## Aim of the exercise
All entries below need to be written out exactly, but without their pictures.

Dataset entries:
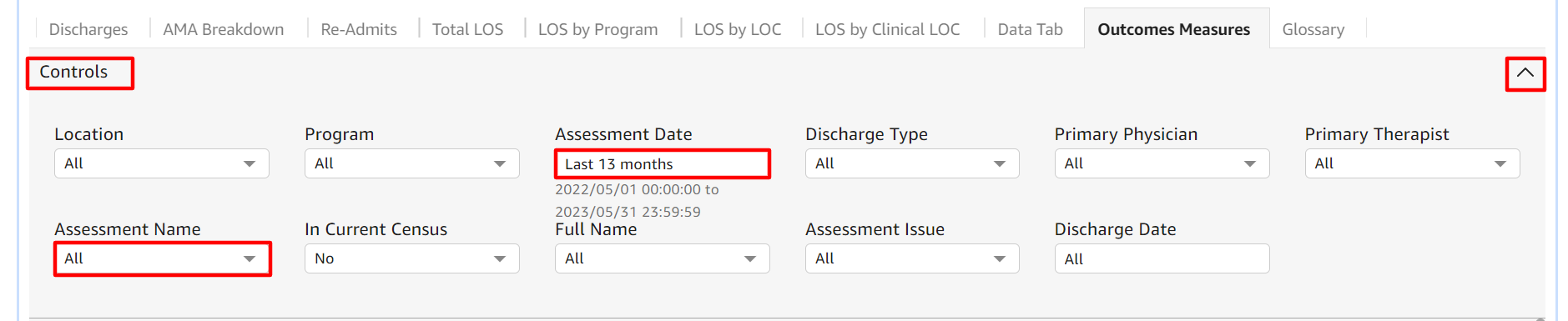 - Select either the word Controls or the little arrow in the top right corner of the gray Controls bar to get your filter options. Now you can select which of the assessments you want to include, select a date range greater than one day, and choose from the other options seen below.
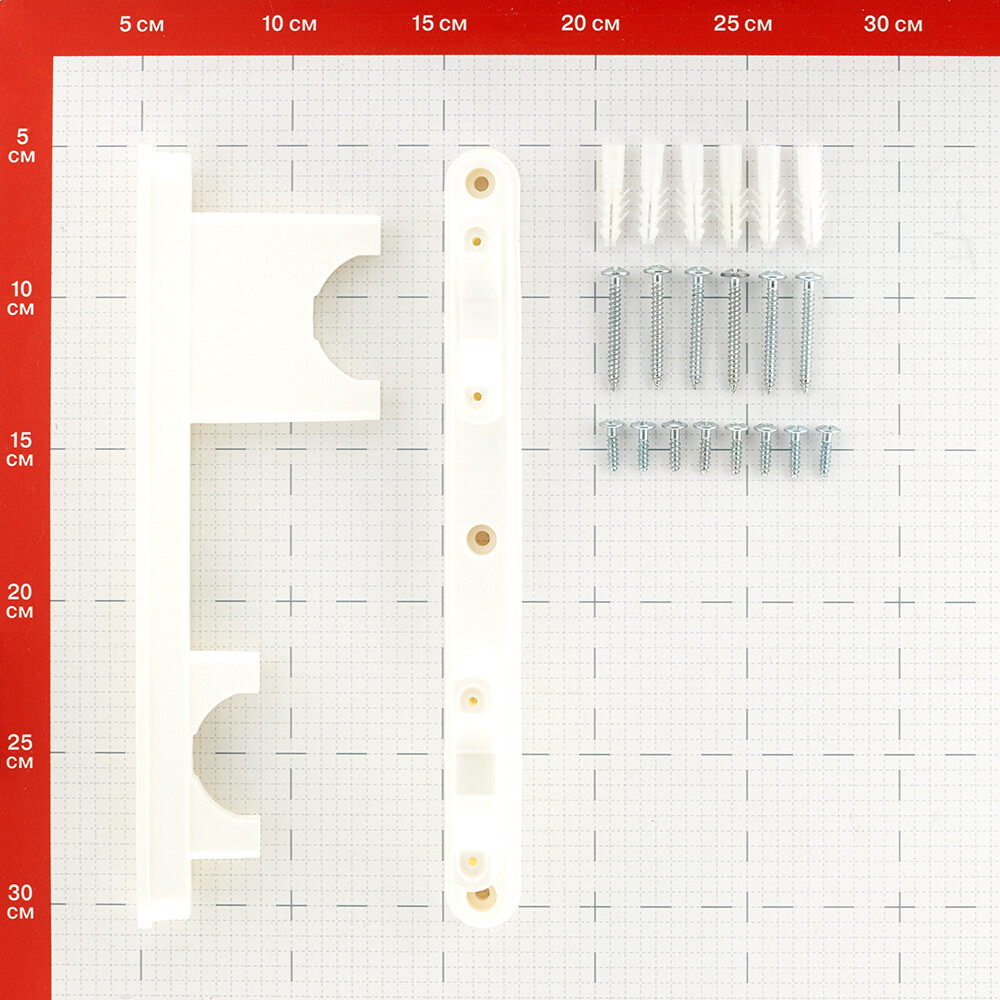 Предназначено для монтажа двух полипропиленовых коллекторов на несущей поверхности с обеспечением их разноса по высоте и глубине.
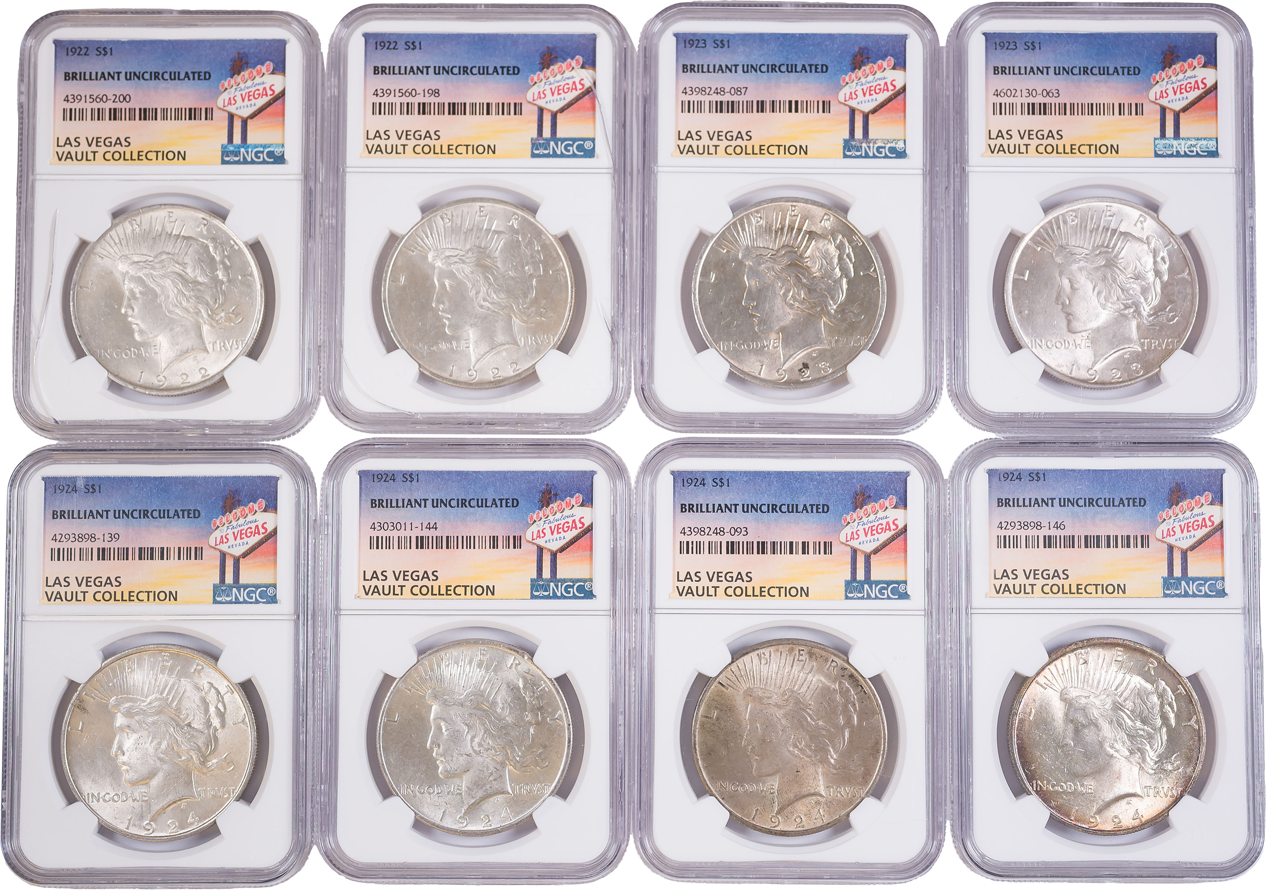8 PCS NGC Certified Peace Dollars
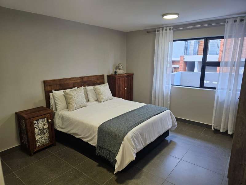 Step into the epitome of modern comfort with our exquisite 2-bedroom, 1.5-bathroom ground floor apartment. Impeccably designed with high-end finishes, this residence promises a lifestyle of sophistication and convenience. Spacious Layout: Enjoy the expansive open-plan lounge and kitchen, adorned with Caesarstone countertops and a sleek under-counter oven. The extra-high ceilings create an atmosphere of grandeur and airiness. Outdoor Bliss: Delight in the private patio featuring a built-in braai, perfect for entertaining friends and family. A small garden complements the outdoor space, providing a tranquil retreat just outside your doorstep. Community Elegance: Revel in the exclusive privileges of a communal pool, play areas, and a clubhouse with additional braai facilities. It is the ideal setting to unwind or socialize with neighbors and friends. Security Beyond Compare: Your peace of mind is our priority. The property is safeguarded by a 2-meter electric perimeter fence, security cameras strategically placed in public areas, and biometric access control for enhanced security. Nestled on the ground floor, this unit offers not only ease of access but also a sense of security. Enjoy the convenience of modern living while having the peace of mind that comes with top-tier security measures. This brand-new, high-end apartment is a rare gem in the real estate market. Do not miss the opportunity to make it yours! Contact us today to schedule a viewing
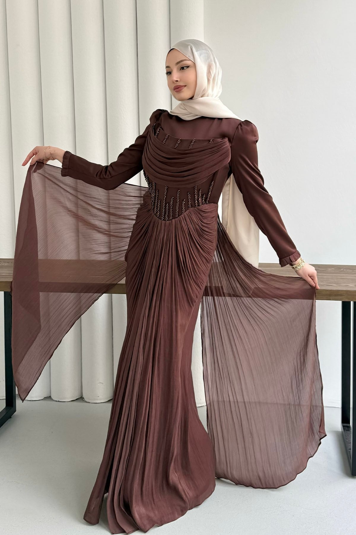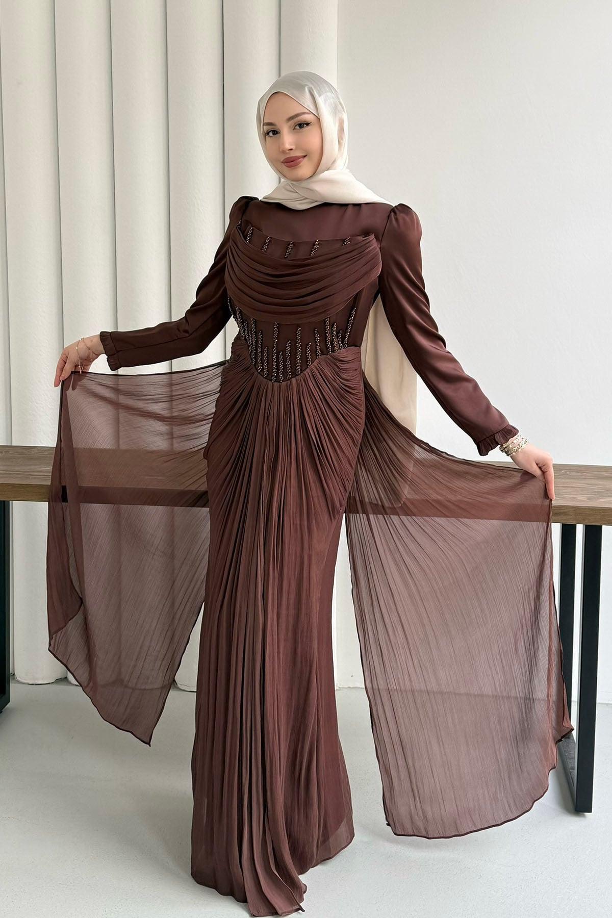 Taş İşlemeli Korse Detaylı Tesettür Abiye-KAHVERENGİ (149)
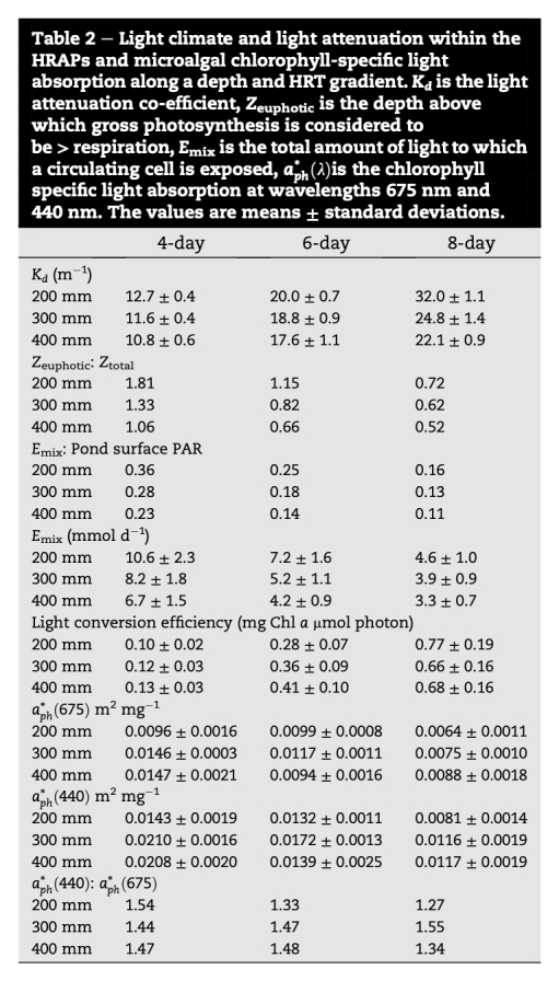 2. 數(shù)據(jù)來(lái)自表2:測(cè)量了光衰減系數(shù)(Kd)、 euphotic區(qū)深度比例和混合光 exposure(Emix)。例如,Kd隨HRT增加而增加,在200mm塘深、8天HRT時(shí)Kd為32.0±1.1 m?1。研究意義是揭示光衰減與生物量關(guān)系,幫助理解光限制機(jī)制。

## Response area
 - Select either the word Controls or the little arrow in the top right corner of the gray Controls bar to get your filter options. Now you can select which of the assessments you want to include, select a date range greater than one day, and choose from the other options seen below.
 Предназначено для монтажа двух полипропиленовых коллекторов на несущей поверхности с обеспечением их разноса по высоте и глубине.
8 PCS NGC Certified Peace Dollars
 Step into the epitome of modern comfort with our exquisite 2-bedroom, 1.5-bathroom ground floor apartment. Impeccably designed with high-end finishes, this residence promises a lifestyle of sophistication and convenience. Spacious Layout: Enjoy the expansive open-plan lounge and kitchen, adorned with Caesarstone countertops and a sleek under-counter oven. The extra-high ceilings create an atmosphere of grandeur and airiness. Outdoor Bliss: Delight in the private patio featuring a built-in braai, perfect for entertaining friends and family. A small garden complements the outdoor space, providing a tranquil retreat just outside your doorstep. Community Elegance: Revel in the exclusive privileges of a communal pool, play areas, and a clubhouse with additional braai facilities. It is the ideal setting to unwind or socialize with neighbors and friends. Security Beyond Compare: Your peace of mind is our priority. The property is safeguarded by a 2-meter electric perimeter fence, security cameras strategically placed in public areas, and biometric access control for enhanced security. Nestled on the ground floor, this unit offers not only ease of access but also a sense of security. Enjoy the convenience of modern living while having the peace of mind that comes with top-tier security measures. This brand-new, high-end apartment is a rare gem in the real estate market. Do not miss the opportunity to make it yours! Contact us today to schedule a viewing
 Taş İşlemeli Korse Detaylı Tesettür Abiye-KAHVERENGİ (149)
 2. 數(shù)據(jù)來(lái)自表2:測(cè)量了光衰減系數(shù)(Kd)、 euphotic區(qū)深度比例和混合光 exposure(Emix)。例如,Kd隨HRT增加而增加,在200mm塘深、8天HRT時(shí)Kd為32.0±1.1 m?1。研究意義是揭示光衰減與生物量關(guān)系,幫助理解光限制機(jī)制。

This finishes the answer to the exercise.